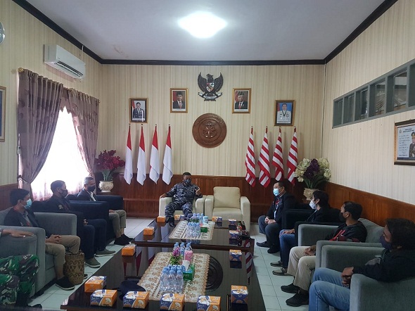 SANGATTA- Silaturahim antara pengurus Perwatuan Wartawan Indonesia (PWI) Kabupaten Kutai Timur (Kutim) bersama Danlanal Sangatta Letkol Laut (P) I Komang Nurhadi beserta jajarannya berlangsung sangat akrab, Senin (21/6/2021). Bahkan kehangatan silaturahim dengan banyak obrolan santai kali ini berlangsung sejak awal pertemuan audiensi jajaran PWI Kutim di Makolanal Sangatta, Bukit Pelangi.
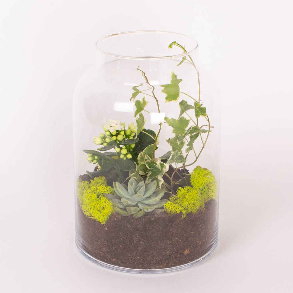 We cherish everything nature has beautiful to offer, so we’ve prepared this special terrarium for you or someone dear. Arrangements with green plants and flowering plants last longer and, moreover, purify the air in your home or office. This terrarium is the perfect gift for plant lovers.
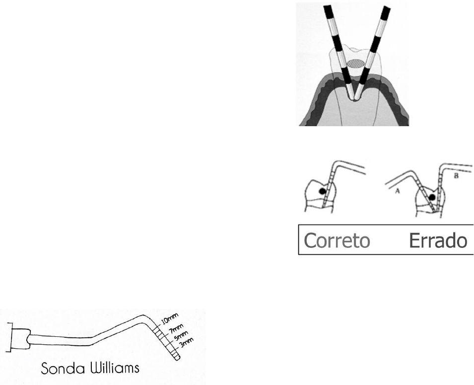 <p>Exame Clínico Periodontal, Diagnóstico, Prognóstico e Plano de Tratamento</p><p>Diagnóstico</p><p>1. Anamnese - avaliação periodontal, fatores sistêmicos, condições metabólicas que podem ter repercussão direta na doença periodontal.</p><p>2. Exame físico - importância de examinar bem o periodonto.</p><p>3. Exame imagiológico - (ou imaginológicos) exames radiográficos.</p><p>4. Exames complementares - leque imenso de exames de sangue, sorológico, fatores considerados de riscos e marcadores de riscos, da taxa de inflamação até mesmo a genética ou predisposição familiar.</p><p>Sonda periodontal</p><p>"...nenhum exame da boca pode ser considerado completo se não incluir a exploração do sulco gengival”</p><p>Sondagem</p><p>Parâmetros Clinìcos</p><p>· Posição da margem gengival (J.E.C.-M.G).</p><p>· Profundidade clínica de sondagem (P.S.) - quanto a sonda penetra da margem gengival até a máxima profundidade que ela alcança. Avaliar o tamanho da recessão ou hiperplasia (valor negativo - bolsa falsa).</p><p>· Sangramento à sondagem (S.S.) - sangramento influenciado pela sondagem. Gengiva inflamada (gengivite), presença de atividade de doença. Sondar percorrendo o longo eixo do dente. Já nas proximais a doença periodontal é mais prevalente.</p><p>Vamos dizer que isso é face mesial de um molar. Ponto preto (ponto de contato). Esse ponto de contato não permite que a sonda entre na vertical (ao longo do eixo). Porém, se deixar reta estaria sondando apenas porção palatina ou vestibular. Deixando assim, porção mais central da face mesial ou distal do dente. Todos posteriores superiores podem ter bifurcação (excluindo 2ª pré-molar), vão ter a presença de furcas, raízes fusionadas ou semi-fusionadas. Essas áreas têm concavidades até chegar na furca. As doenças periodontais tem predileções nessas áreas.</p><p>ATENÇÃO: inclinar a sonda com bom senso.</p><p>· Nível clínico de inserção (N.I.C.).</p><p>· Topografia óssea (sondagem transgengival) .</p><p>Envolvimento de Furca: classificação</p><p>Grau 1: perda horizontal < 3mm</p><p>Grau 2: perda horizontal > a 3 mm, sem ultrapassar toda a largura.</p><p>Grau 3: trespasse lado-a-lado.</p><p>Sonda de Nabers (faixa 3mm) - ⅓ grau 1 de furca. Se passar de 3 mm grau 2 de furca (não importa quanto passar).</p><p>Forma das raízes interferem na sondagem</p><p>Exames radiográficos que auxiliam na anamnese</p><p>Bi ou Trifurcação</p><p>Mobilidade dentária</p><p>Fisiológica (normal):</p><p>· Horizontal - até 2 mm</p><p>· Vertical - até 2 mm</p><p>Patológica (movimentação quando pressionando na mesma direção de um lado para o outro):</p><p>· Grau 1 : horizontal de 0,2 até 1 mm</p><p>· Grau 2: horizontal acima de 1 mm</p><p>· Grau 3: intrusão ou horizontal acima de 1mm</p><p>Como fazer?</p><p>2 instrumentos rígidos (cabo de espelho) coloca no dente e movimenta de um lado para o outro.</p><p>Distância da JEC à margem gengival: recessão ou aumento gengival</p><p>Positiva - JEC-MG = 2mm (recessão)</p><p>Negativa - JEC-MG = -1mm (aumento gengival)</p><p>Se tem uma recessão vai colocar na posição da margem gengival 2 mm de recessão. Mas, se tiver uma hiperplasia é pelo tato que percebe, entra com a sonda e vai tateando. É necessário sentir a lisura e a aspereza do cemento. Analisando quantos milímetros a ponta da sonda sentiu na mudança de textura. Esse é o valor negativo da hiperplasia ( ou posição coronária da margem gengival).</p><p>Lembre-se de verificar a quantidade de mucosa ceratinizada. Menos de 2 mm colocar * é um problema mucogengival.</p><p>Índice de placa corada é importante para conscientização dos pacientes (educação em saúde).</p><p>Classificação das doenças periodontais</p><p>1.1 Saúde Gengival/Periodontal</p><p>1.2 Gengivite induzida pelo biofilme</p><p>1.3 Doenças gengivais não induzidas pelo biofilme</p><p>2. Periodontite, subdivide em:</p><p>2.1 Doenças periodontais necrosantes.</p><p>2.2 Periodontite</p><p>2.3 Periodontite como manifestações de doenças sistêmicas</p><p>3. Outras condições que afetam o periodonto:</p><p>3.1 Manifestações periodontais de doenças ou condições sistêmicas (doenças ou condições sistêmicas que afetam os tecidos periodontais de suporte.</p><p>3.2 Abscessos periodontais e lesões endoperiodontais.</p><p>3.3 Condições e deformidades mucogengivais.</p><p>3.4 Forças oclusais traumáticas</p><p>3.5 Fatores relacionado ao dente e às próteses</p><p>4. Condições peri-implantes</p><p>4.1 Saúde peri-implantar</p><p>4.2 Mucostie peri-implantar</p><p>4.3 Peri-implatite</p><p>4.4 Deficiências nos tecidos peri-implantes moles e duros.</p><p>Extensão</p><p>Gengivite</p><p>· Localizada: 10% - 30% dos sítios têm SS.</p><p>· Generalizada: acima de 30% dos sítios têm SS. Leve, moderada ou severa.</p><p>Periodontite</p><p>· Localizada: até 30% dos sítios têm perda de inserção.</p><p>· Generalizada: acima de 30% dos sítios têm perda de inserção.</p><p>Prognóstico dos dentes</p><p>Prognóstico no inicial do tratamento é provisório (precavido)</p><p>1. Excelente - para dente saudável, que não precisa de nada.</p><p>2. Bom - aquele paciente que pode ter uma gengivite(gengiva inflamada)quando não existe outro fator secundário uma cárie cervical, uma restauração imensa com um sobrecontorno levando a problema gengival. Saúde não está sendo mantida.</p><p>3. Duvidoso - conjunto de fatores. Uma perda de inserção que levou a envolvimentos de bifurcação ou de furca, se for grau 1 pode ser necessário cirurgia na maioria dos casos ou grau 2 cirurgia regenerativa que depende muito da cicatrização e grau 3 comprometimento que contraindica regenerar tecido, utiliza-se outras técnicas cirúrgicas. Duvidoso em longo prazo.</p><p>4. Extração indicada</p><p>5. Ausente</p><p>D.P: fatores ambientais, fatores relativos ao hospedeiro, m.o (espiroquetas, bactérias gram- ana
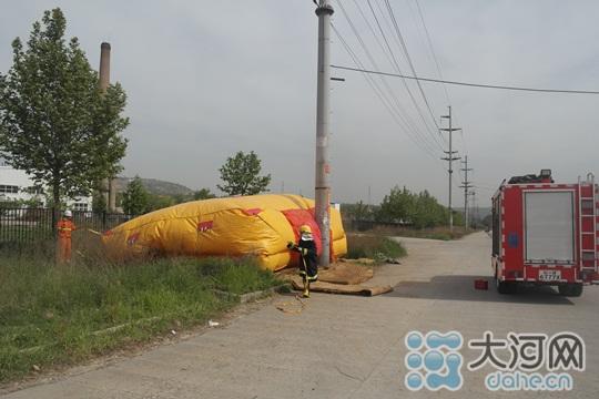 消防队员立即铺设救生气垫和草垫。(杨光武 摄)
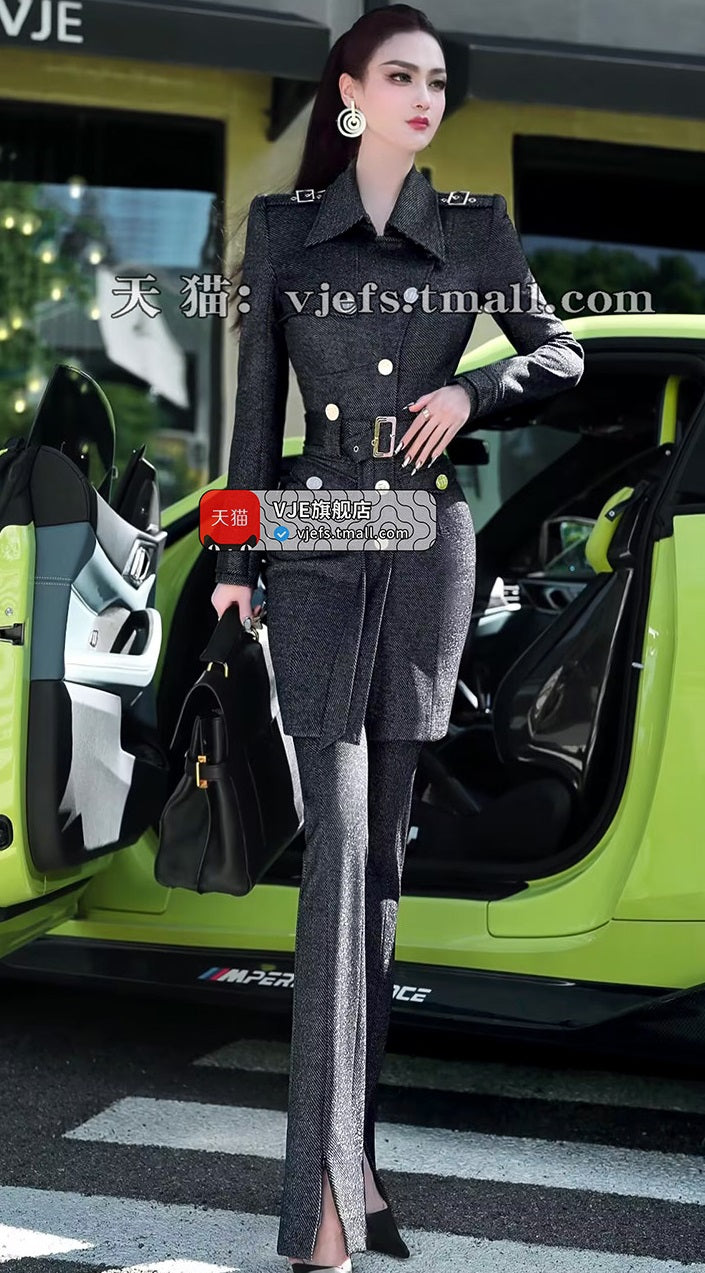 VJE slim trench coat jacket micro flared pants two-piece set - YAN.

Task item:
In the reply, give again exactly the lines from the beginning of the entries above through the line with "We cherish everything"; pictures stay out.

Task output:
 SANGATTA- Silaturahim antara pengurus Perwatuan Wartawan Indonesia (PWI) Kabupaten Kutai Timur (Kutim) bersama Danlanal Sangatta Letkol Laut (P) I Komang Nurhadi beserta jajarannya berlangsung sangat akrab, Senin (21/6/2021). Bahkan kehangatan silaturahim dengan banyak obrolan santai kali ini berlangsung sejak awal pertemuan audiensi jajaran PWI Kutim di Makolanal Sangatta, Bukit Pelangi.
 We cherish everything nature has beautiful to offer, so we’ve prepared this special terrarium for you or someone dear. Arrangements with green plants and flowering plants last longer and, moreover, purify the air in your home or office. This terrarium is the perfect gift for plant lovers.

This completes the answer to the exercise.